Petra smirks. “Guess we should give them something usable.”

They pose side by side, Maiken in black, Petra in red silk. Oil and flame. One calm as gravity, the other grinning like she’s already won.

The camera loves them. Phones come out. AetherX’s photographers turn their lenses. The execs lean toward each other mid-shot and whisper.

The CEO of AetherX, Daphne Browning, steps forward.

The woman is a power bob over chrome heels.

Her expression says she’s already drafted three different strategies while watching Maiken and Petra pose.

She approaches Mai directly. “That dress.” She nods, voice low and approving.

“And the whole look. Flawless and confident without apology. I like it.”

Maiken smiles. “Thank you.”

“Petra’s the face of our ‘Edge Theory’ campaign for a reason, but I think we’re overdue for a second narrative.”

Her gaze flicks briefly to Reece — not asking permission, but noting their connection — then she’s back to Maiken.

“Would you be open to a conversation about editorial work? Something digital-forward. Short-form, live touchpoints. Power. Performance. Personality.” This is quintessential Daphne, thinking so fast she skips half the words.

Maiken doesn’t dive in or gush. She considers. “I’d be open to a conversation, but I won’t compromise or apologize for what I do for a living. I want that to be absolutely clear.”

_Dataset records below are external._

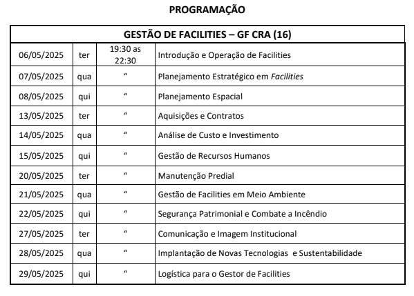 O Conselho Regional de Administração do Rio de Janeiro, em parceria com a Associação dos Antigos Alunos da Politécnica da UFRJ, lança o curso Gestão de Facilities com descontos especiais para registrados. O curso visa capacitar Profissionais na Administração de infraestrutura e logística de edifícios, abordando temas como manutenção predial, segurança patrimonial, análise de custo e implantação de novas tecnologias.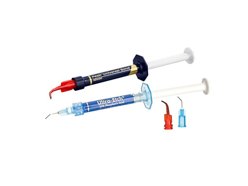 Peak Universal Bond Total-Etch Kit obsahuje: 1,2 ml Peak Universal Bond, 1,2 ml Ultra-Etch, 20 kanyl Blue Micro a 20 kanyl Inspiral Brush.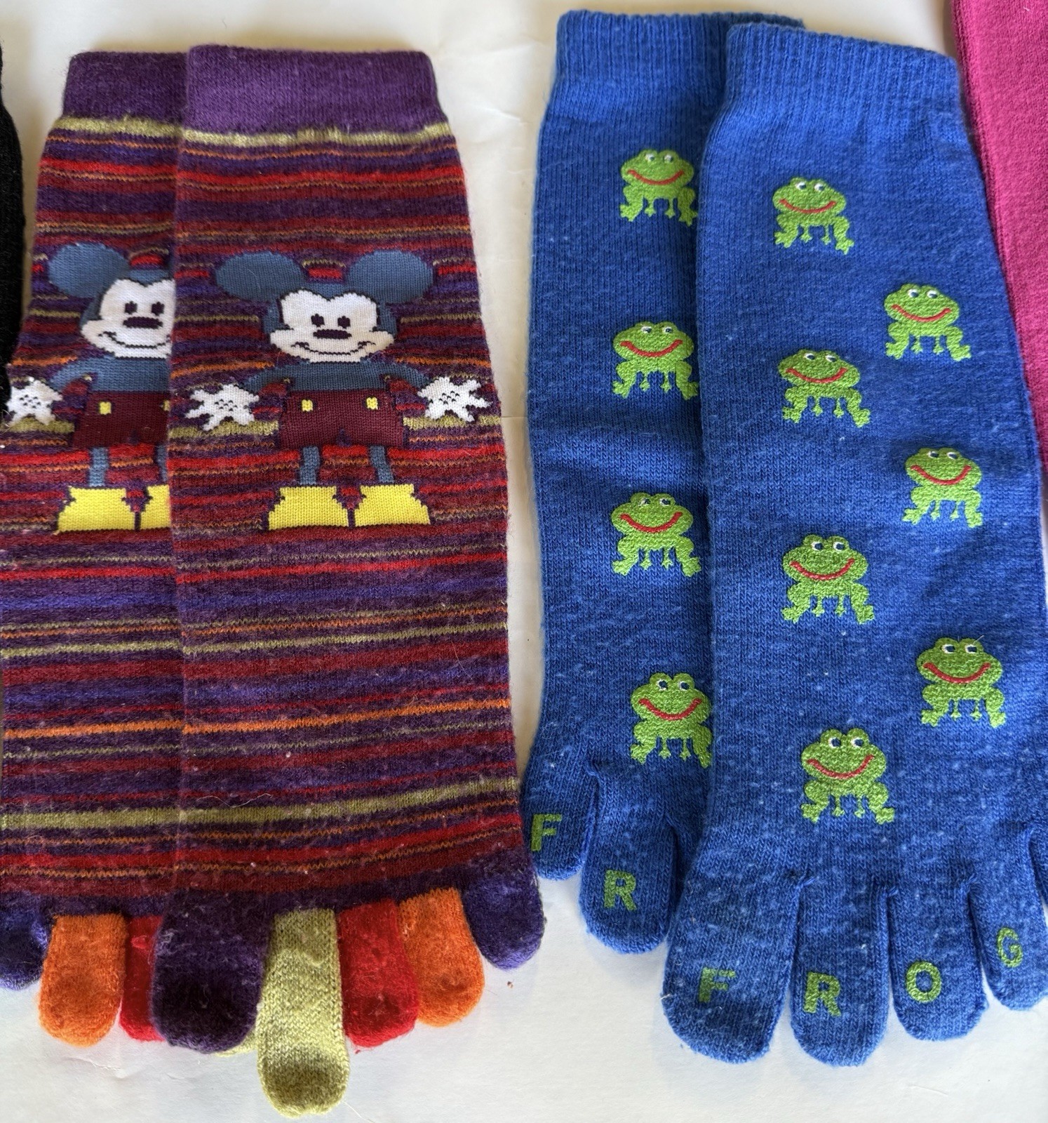 VTG Lot of 4 Pairs 90s Y2K Toe Socks Grip Socks Frogs Mickey Mouse Funky Novelty

Daphne’s smile sharpens. “Good. No one should ask you to. And I sure as hell won’t.” She extends a hand, and Maiken takes it without hesitation. There’s a quiet message in that moment. Nitro’s primary sponsor has chosen sides.

Pride and relief take up so much space in Reece’s chest he can hardly breathe.

This is what Graham and all the other people who underestimate his wife don’t understand.

Maiken doesn’t need the machine’s approval. She rewires the whole bloody thing.